# Alaternative Ballast replacement,provided by my boss



## mechtech (Feb 16, 2012)

To explain first,
My boss had me check ballast in offce,found two 120v/0.80amp ballast. Wired in succession,only using the black and white wires from one ballast. And only insatalling two of four possible f12 t40 bulb placements. Both ballasts where leaking bad and had partial voltage. So I give my boss the specs for replacement ballasts. He comes back with two 120v/0.71amp-220voc ballasts. And says they're comparable go ahead and put them in.

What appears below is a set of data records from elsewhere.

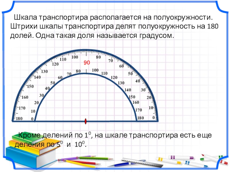 Кроме делений по 10, на шкале транспортира есть еще деления по 50 и 100.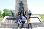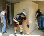Joe Sunthimer watches as Jeremy (center) and Enos Davis jockey a Twister Safe storm shelter into its final position on the back porch of the 12th Habitat for Humanity house built in Nevada. The Twister Safe company is based in Neosho, Mo.; and this is the second storm shelter they have provided for a Habitat house at their cost. ... -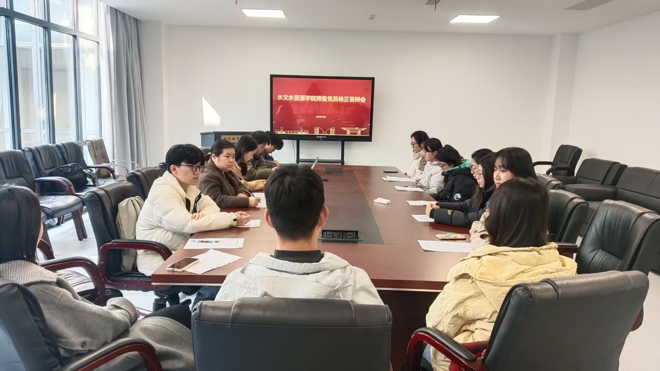 会议分为个人陈述、现场问答和综合评议三个环节。预备党员围绕预备期间的思想动态、学业表现、履职情况、日常行为等方面进行汇报,并深入剖析自身不足,明确未来努力方向。在认真听取汇报后,答辩评委结合每位预备党员的实际情况,就理想信念、党的理论知识、预备期表现及对时事热点的理解等方面进行了针对性提问与考察,并开展综合评议。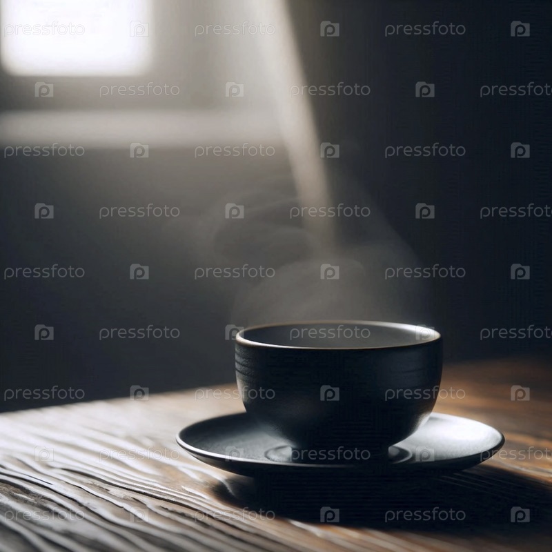 Черный фарфоровый кофеварка и макет тарелки на темноокрашенном дубовом столе, Ai generated image
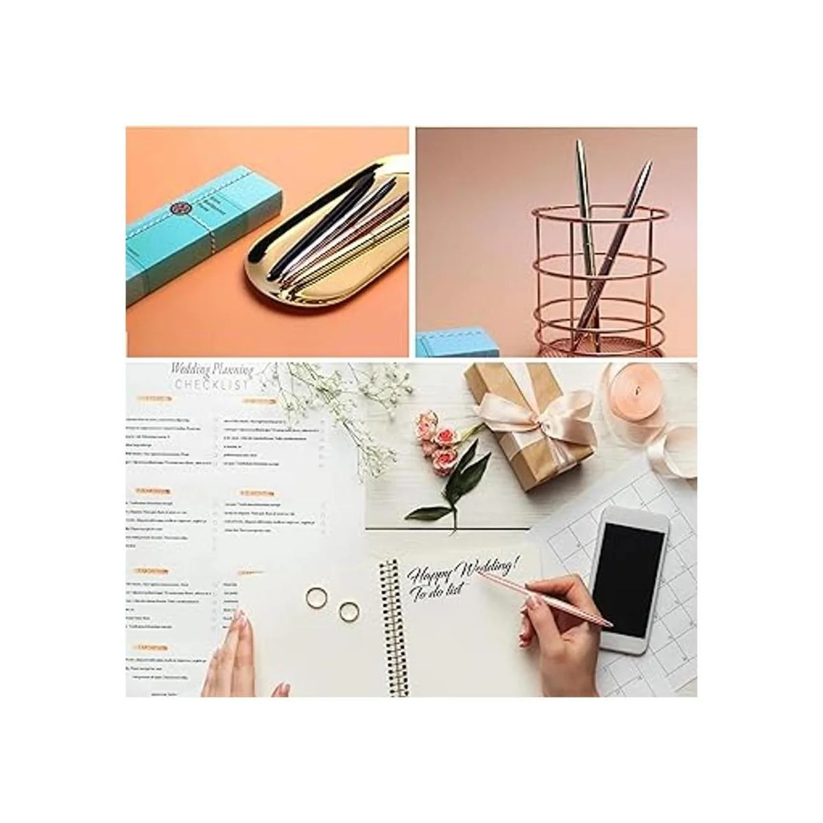 Diseño delgado y elegante: su aspecto minimalista es reconfortante a los ojos y su diseño ilumina tu estado de ánimo y proporciona un toque estético a tu oficina en casa. Si estás buscando accesorios de escritorio, utiliza estos elegantes bolígrafos para tu decoración de oro rosa, decoración dorada, decoración plateada, acabado de metal o decoración negra chic, tienes tu elección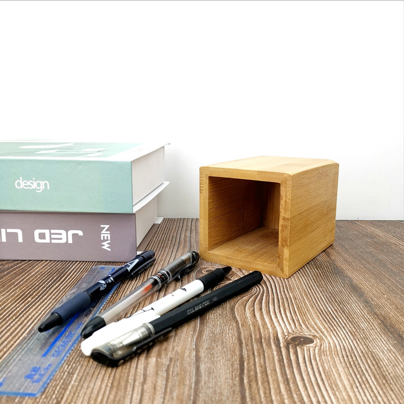 Bamboo pen holder stationery storage jar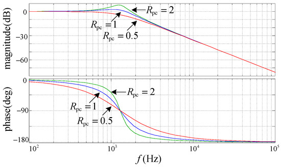 In Figure 12, is the impedance of the TSC branch; represents the series reactor of the TSC used to prevent harmonics from injecting into the capacitor. Under normal circumstances, to restrain the third and higher harmonics, the value of the series reactance ratio is usually 12%; to suppress fifth and higher harmonics, is typically 6%. When the harmonic is small enough, we can set to 2%. The closed-loop magnitude–frequency characteristic of the system is illustrated in Figure 13 in situations with different values. The single-phase compensation capacity of the TSC is 20 kVA, which means . Some parameters are as follows: , the equivalent series resistance of is ; the equivalent series resistance of the TSC branch is . The other parameters are the same as those of the previous analysis.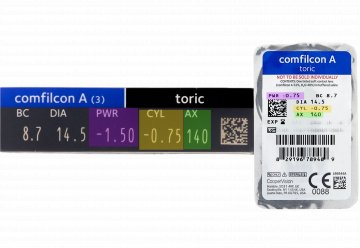 Las lentes de contacto Biofinity Toric (También conocidas como COMFILCON A TORIC) se presentan en una caja de 3 unidades. Estas lentillas pertenecen a la familia de las lentillas tóricas. Este tipo de lentillas están especialmente indicadas para compensar el astigmatismo. Si usted está buscando unas lentillas tóricas baratas pero no quiere renunciar a unas lentes de contacto de calidad. Las lentillas Biofinity Toric pueden ser una opción muy a tener en cuenta.
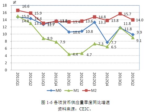 2013年上半年貨幣政策基本維持穩(wěn)健趨緊的態(tài)勢,貨幣信貸增速平穩(wěn)下滑。第一季度廣義貨幣供應量(M2)同比增長15.7%,第二季度增長14%,分別比上年同期下降了2.46和4.47個百分點。至6月末,流通中現金(M0)增長9.7%,比上年同期下降1.1個百分點。上半年人民幣貸款余額同比增長14.2%,比上年同期下降1.8個百分點;新增貸款5.1萬億元,同比多2218億元。其中,新增貸款中房地產行業(yè)所占比重大幅度增長,約占25.6%,比上年同期提高了近14個百分點。與此同時,上半年社會融資總量快速增長,至6月同比增速達到30.5%。人民幣新增貸款占社會融資總量的比重為50%,比上年同期下降19.9個百分點。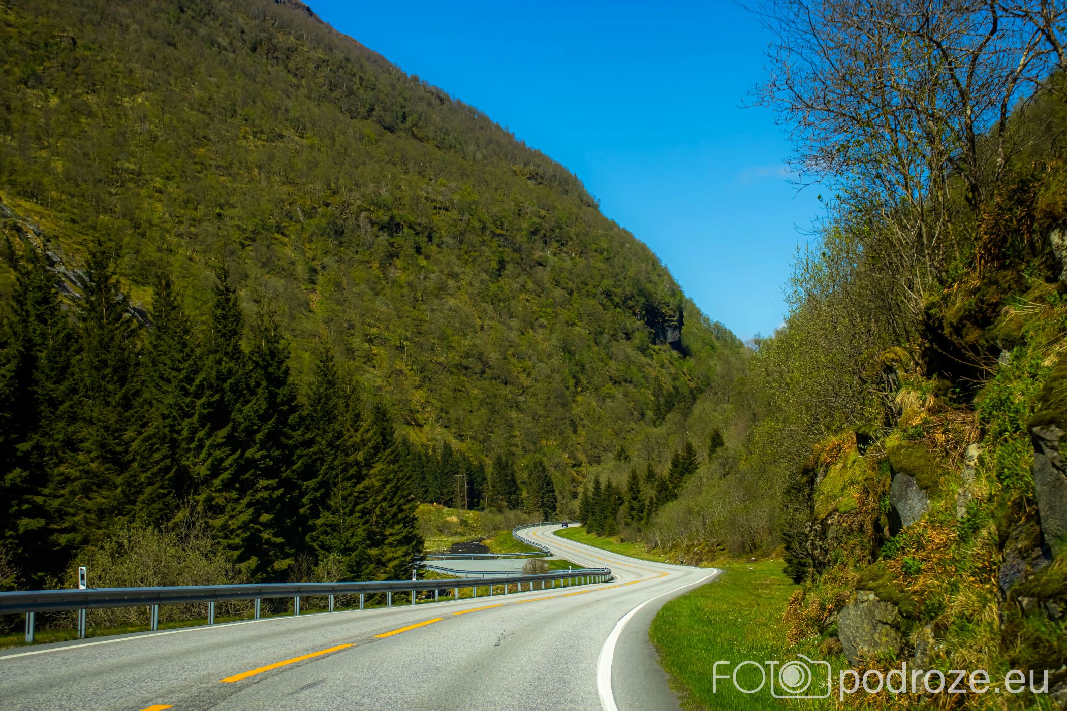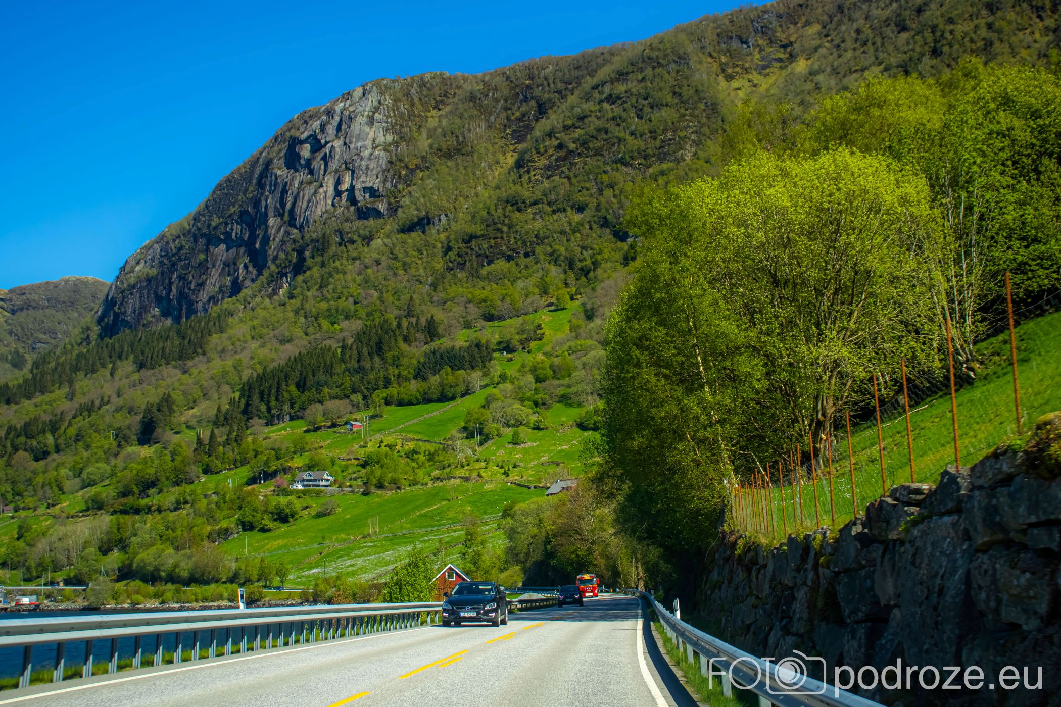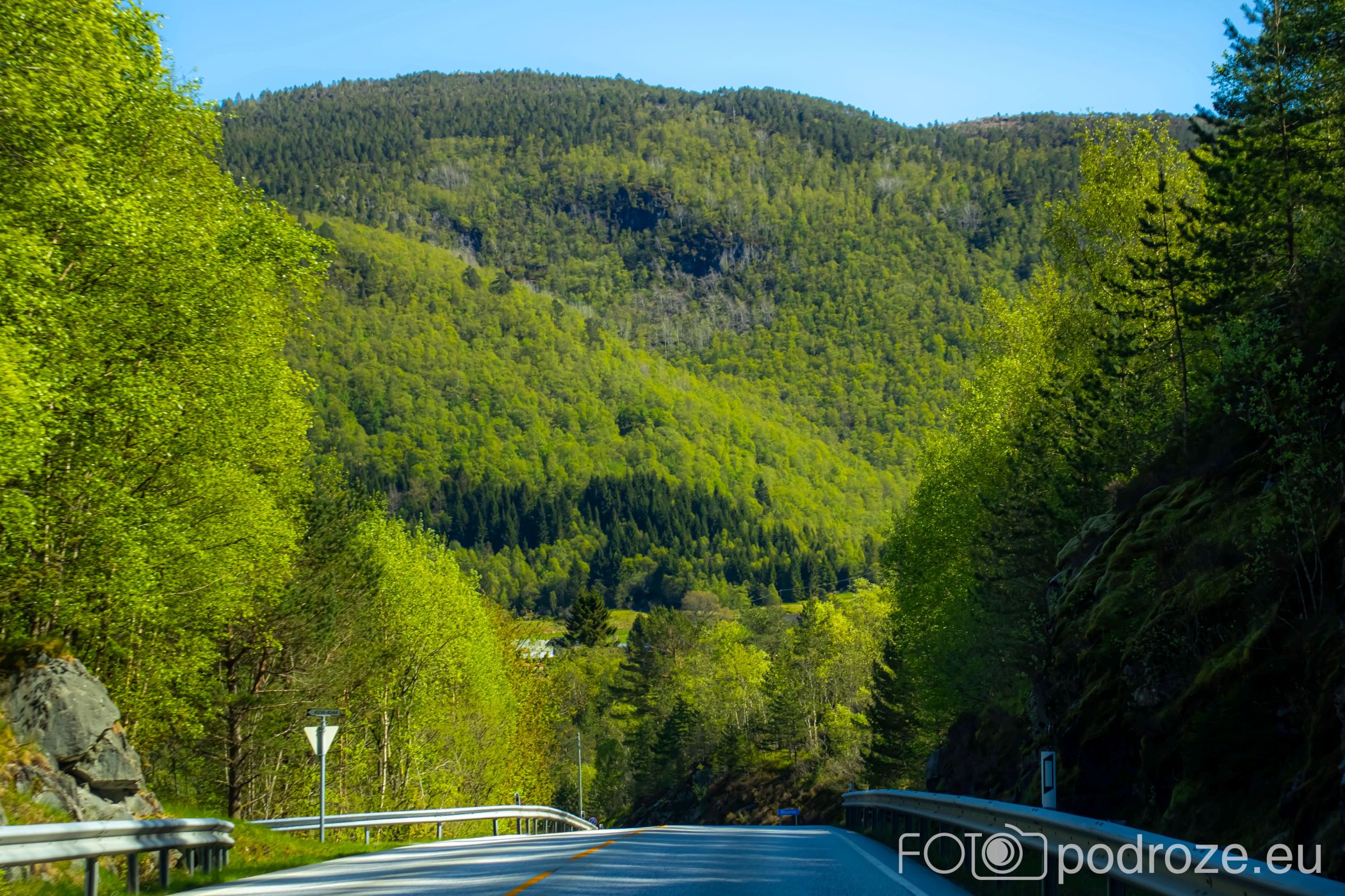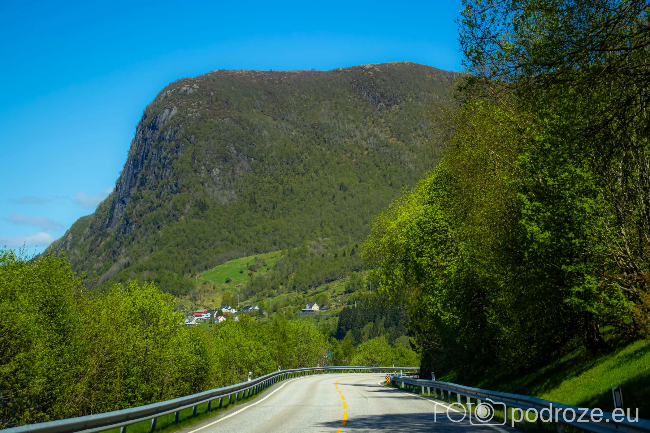 Ostatni odcinek drogi dojazdowej do fiordu główną szosą łączącą Bergen z Forde jest wyjątkowo malowniczy i prawie całkowicie pozbawiony jakiejkolwiek zabudowy. Taki piękny, dziki, zielony krajobraz.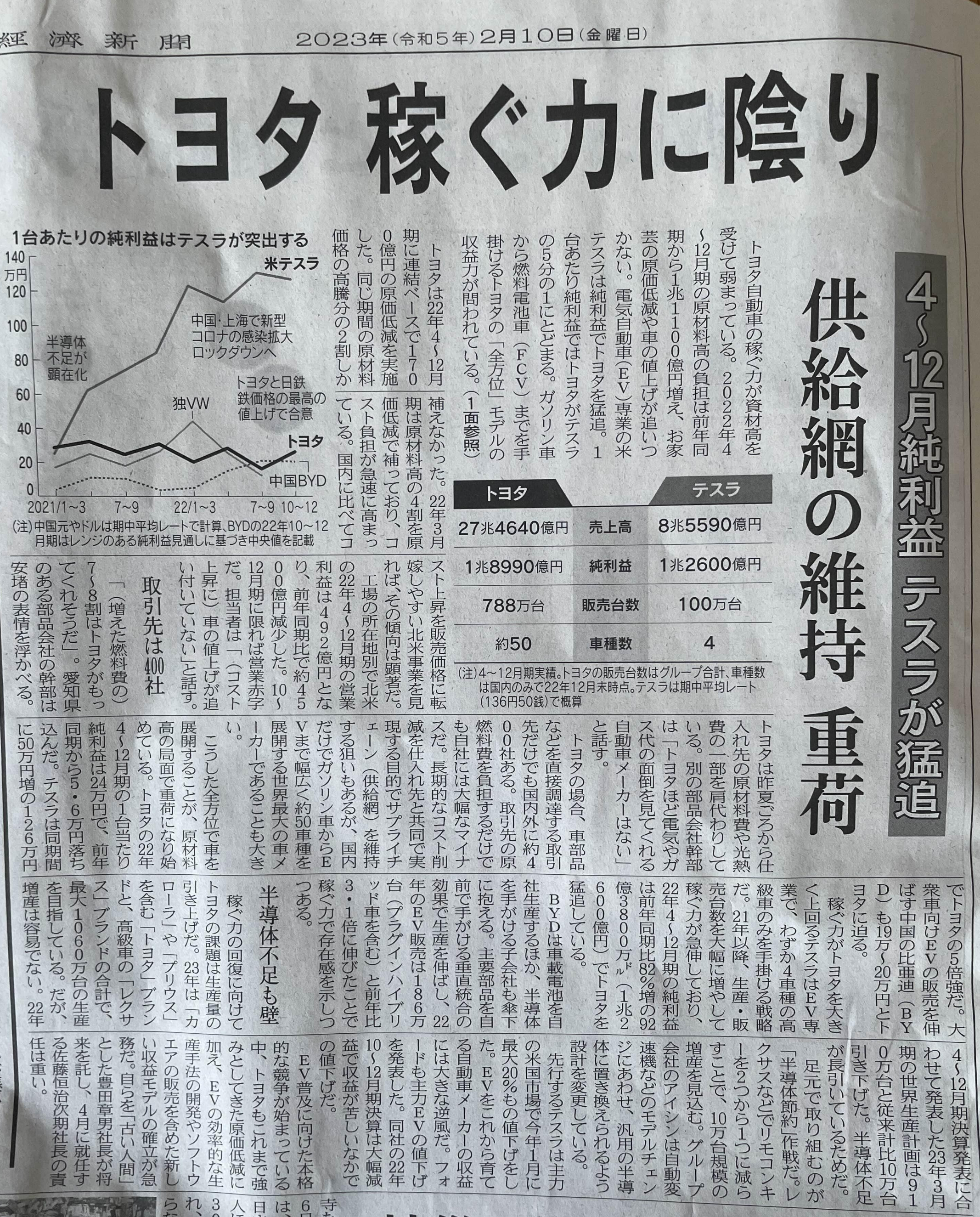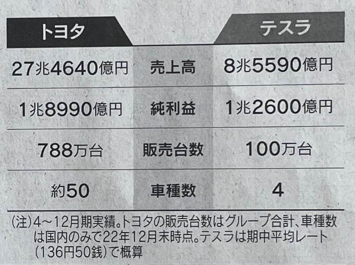 수익성이 도요타를 크게 웃도는 테슬라는 EV전문으로, 불과 4차동의 고급차만을 만들고 있는 전략이다.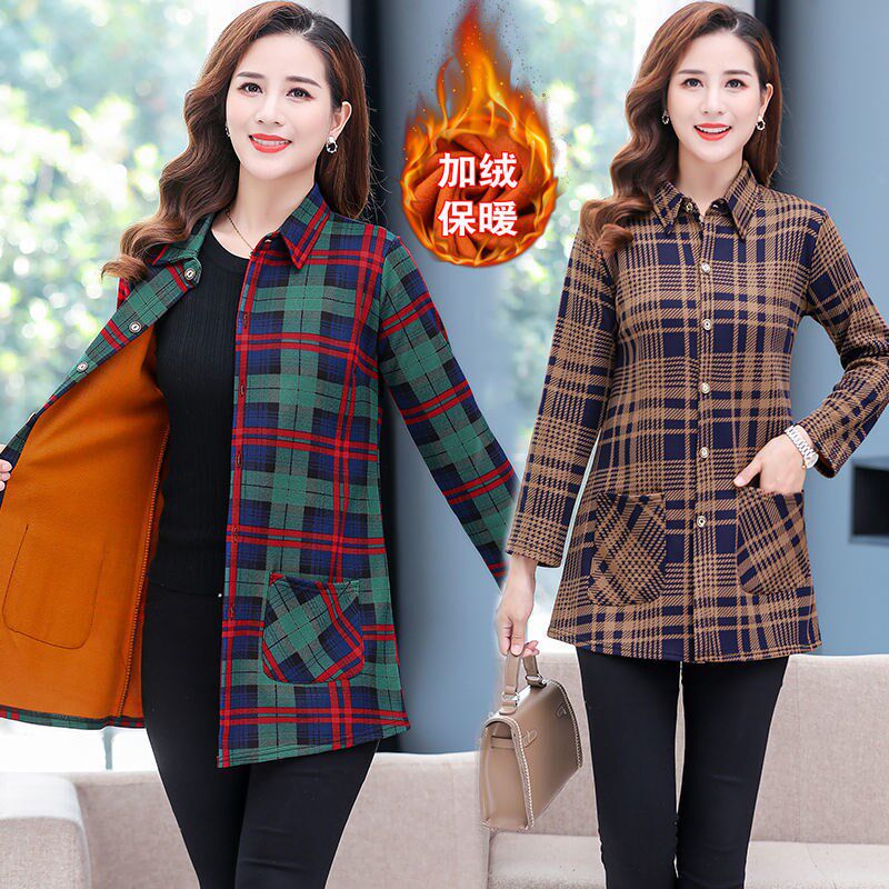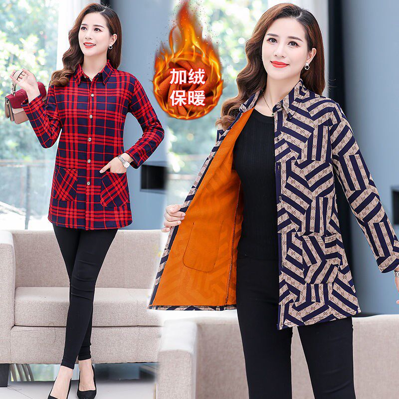 Middle - aged women's clothes plus - plate shirt 2020 new mom winter warm clothes shirt pie fashion tops

So I wire in same way as directed..Now different senerio..Lights wont light,acts like not enough amps for two bulbs let alone four....Ive asked other well capable electricians and they say sounds like you need more amps....I took readings on all the other lights,and voltage varied from 120v to 145v...Those are the spacifics guys....Can you shed some light please.


----------



## mechtech (Feb 16, 2012)

*Continuation of ballasts*

My previous question regarding specs on ballasts, wrote incorrect ,sorry
it was a 4' T12 F40 bulbs....


----------



## Dennis Alwon (May 9, 2009)

bump


----------



## knowshorts (Jan 9, 2009)

Did you follow the wiring diagram?

It's time to ditch the T12s and upgrade to at least T8 technology.


----------



## mechtech (Feb 16, 2012)

*reply to post,Alternative ballasts by boss,*

Yeah thats the most obvious,wiring has not changed. Only the ballasts.Also I have no choice in the matter as what to use. An old guy whos been there for a while calls the shots from his desk. My boss listens to him. I tried a used ballast with same rating as previous one and it worked fine.Then put it back in the other light fixture it came from. Like I said the only thing different is the ballast. And the bulbs.Why do I get 220 across the light inserts. When wiring is the same as the rest of the fixtures,even the other ballasts from the other fixtures work fine.


----------



## Service Call (Jul 9, 2011)

You probably have electronic ballasts and there not wired correctly.


----------



## noarcflash (Sep 14, 2011)

Stop playing with T12's. total waste of time and money.


----------



## mechtech (Feb 16, 2012)

*T12 Ballast*

I agree,waste of time. Like I said I have no say in the matter. How ever he finally bought me what I asked for.Now fixture works fine. Thank you for your input,all.


----------